Миновав «Ждановскую», где не водилось тогда никаких магазинов, нужно было еще доехать до дома, а там припасть к крану.
Мы пили тогда воду из-под крана. Вода как вода, мы не различали нюансов. Разновидностей воды было две: водопроводная, она на вкус была даже поинтересней, и кипяченая из чайника. Немногочисленные минералки, Ессентуки да Боржоми, были уже не вода, а напитки и, противно соленые, не котировались.
СТЕКЛО
Торжество. Счастье! Валерий Гаврилович, замечательный художник, наш преподаватель и классный руководитель, подарил мне свою работу. Акварель, пейзаж: сосновый лес на закате. Умбристое, наливающееся к горизонту глинисто-розовым поле. Сосновый бор за ним написан с великолепным мастерством, уверенными бросками кисти: жах! жах! Малиновые сверху, тенисто-синеватые снизу стволы.
И не просто акварель, нет! Картина, оформленная по всем правилам выставочного искусства! В белоснежном паспарту прорезано рельефное окошко: в нем розовеет подаренный мне пейзаж. Белый окоем идет акварели, подчеркивает живописные переливы, кое-где эффектным осадком застыли сине-терракотовые хлопья. Не буду расписывать, как хочется ступить в эту тимофеевку, задышать полем, смешанным с сосной, войти в нагретую потрескивающую тишину леса, все знают эти штуки и без меня…

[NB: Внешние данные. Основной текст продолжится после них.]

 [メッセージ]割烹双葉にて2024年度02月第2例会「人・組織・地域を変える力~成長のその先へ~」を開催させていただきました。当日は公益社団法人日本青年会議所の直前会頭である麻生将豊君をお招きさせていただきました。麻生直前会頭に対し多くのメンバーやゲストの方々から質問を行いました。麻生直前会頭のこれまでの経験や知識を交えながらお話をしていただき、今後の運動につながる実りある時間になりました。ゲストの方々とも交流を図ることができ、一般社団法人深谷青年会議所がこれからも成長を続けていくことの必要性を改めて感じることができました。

Паспарту укрыто стеклом, без рамы: толстый водянисто-зеленый срез, при желании можно порезаться. Сзади еще слой: плотная картонка. Весь сэндвич скреплен металлическими держателями, верхние два стянуты бечевкой: вешать на стену. Стекло обостряет, как линза, углубляет красоту пейзажа.
Сзади — роскошной широты и свободы автограф: подпись, место, дата. Почерк у Гаврилыча мелкий в строчных местах, величественно-крупный в прописных.

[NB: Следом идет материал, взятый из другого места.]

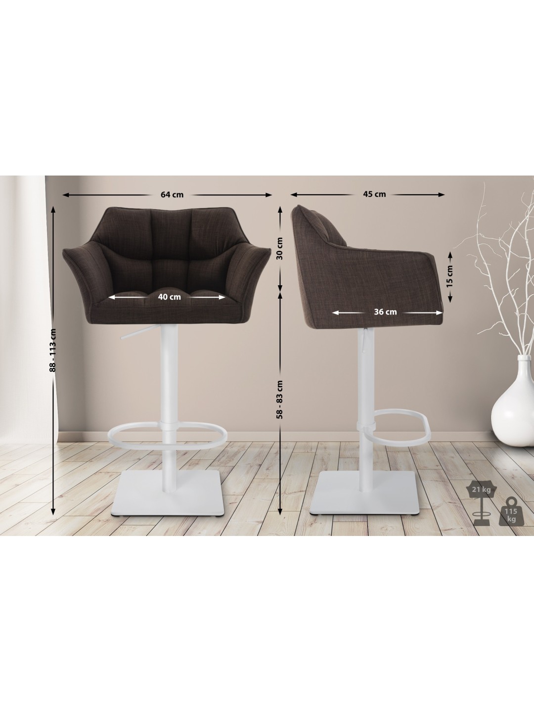 Taburete de bar Damaso W tela, marrón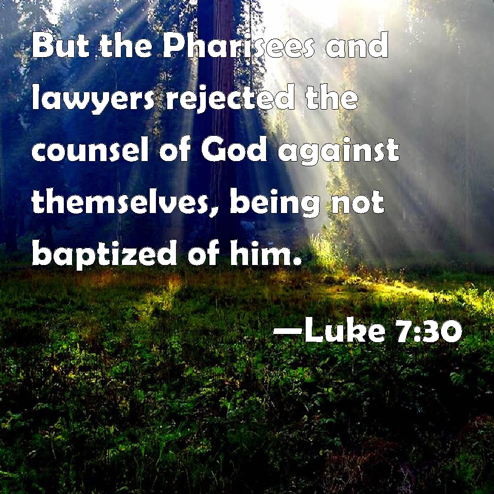 Choose a Background Luke 7:30 But the Pharisees and lawyers rejected the counsel of God against themselves, being not baptized of him. KJV: But the Pharisees and lawyers rejected the counsel of God against themselves, being not baptized of him. DRB: But the Pharisees and the lawyers despised the counsel of God against themselves, being not baptized by him. DBT: but the Pharisees and the lawyers rendered null as to themselves the counsel of God, not having been baptised by him.) ERV: But the Pharisees and the lawyers rejected for themselves the counsel of God, being not baptized of him. WBT: But the Pharisees and lawyers rejected the counsel of God against themselves, being not baptized by him. WEB: But the Pharisees and the lawyers rejected the counsel of God, not being baptized by him themselves. YLT: but the Pharisees, and the lawyers, the counsel of God did put away for themselves, not having been baptized by him.Links Luke 7:30 NIV • Luke 7:30 NLT • Luke 7:30 ESV • Luke 7:30 NASB • Luke 7:30 KJV • Luke 7:30 Interlinear • Luke 7:30 Commentaries • Luke 7:30 Parallel Texts • Luke 7:30 Bible Apps • Luke 7:30 Parallel • Bible Hub |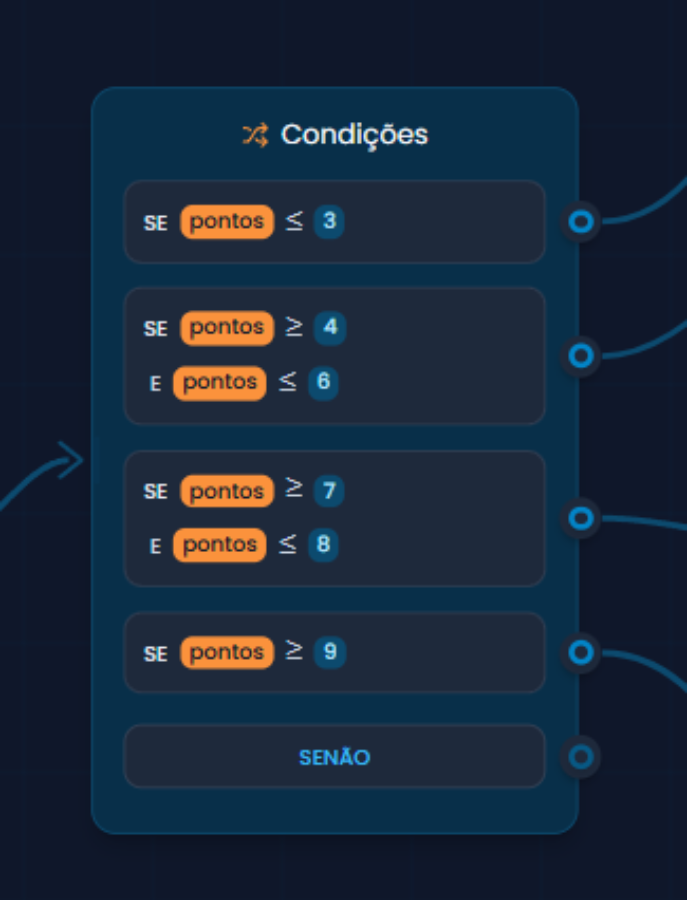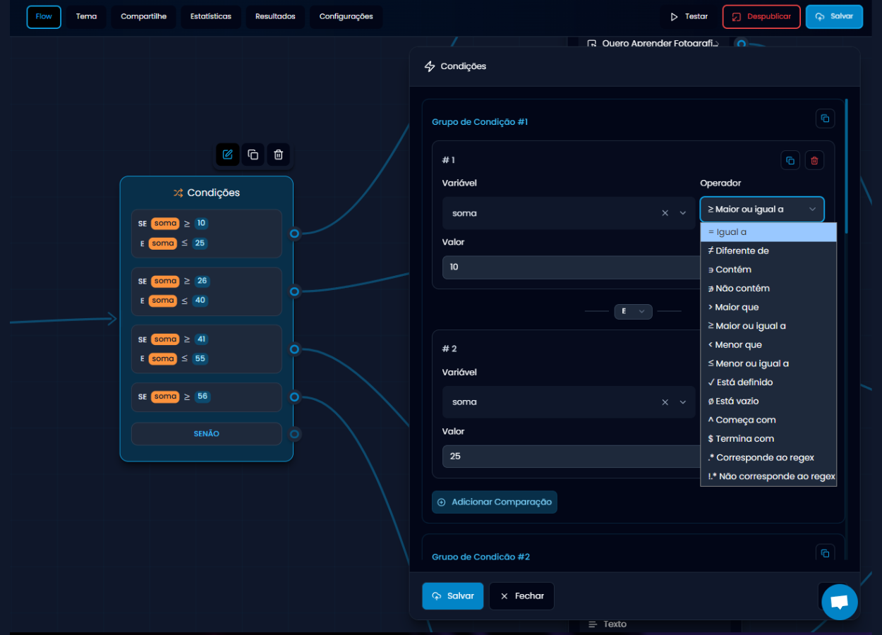 - Operador: a lógica que será usada (igual, maior que, menor ou igual a, etc.)

Картина! Настоящая! Настоящего художника картина, пейзаж, подарена мне: ученице третьего класса 5-й художественной школы г. Москвы!
Картину Гаврилыч заворачивает в коричневую толстую бумагу. Если б я купила картину в магазине тогда, в середине 80-х, на весах бумага дала б лишних триста-четыреста граммов весу.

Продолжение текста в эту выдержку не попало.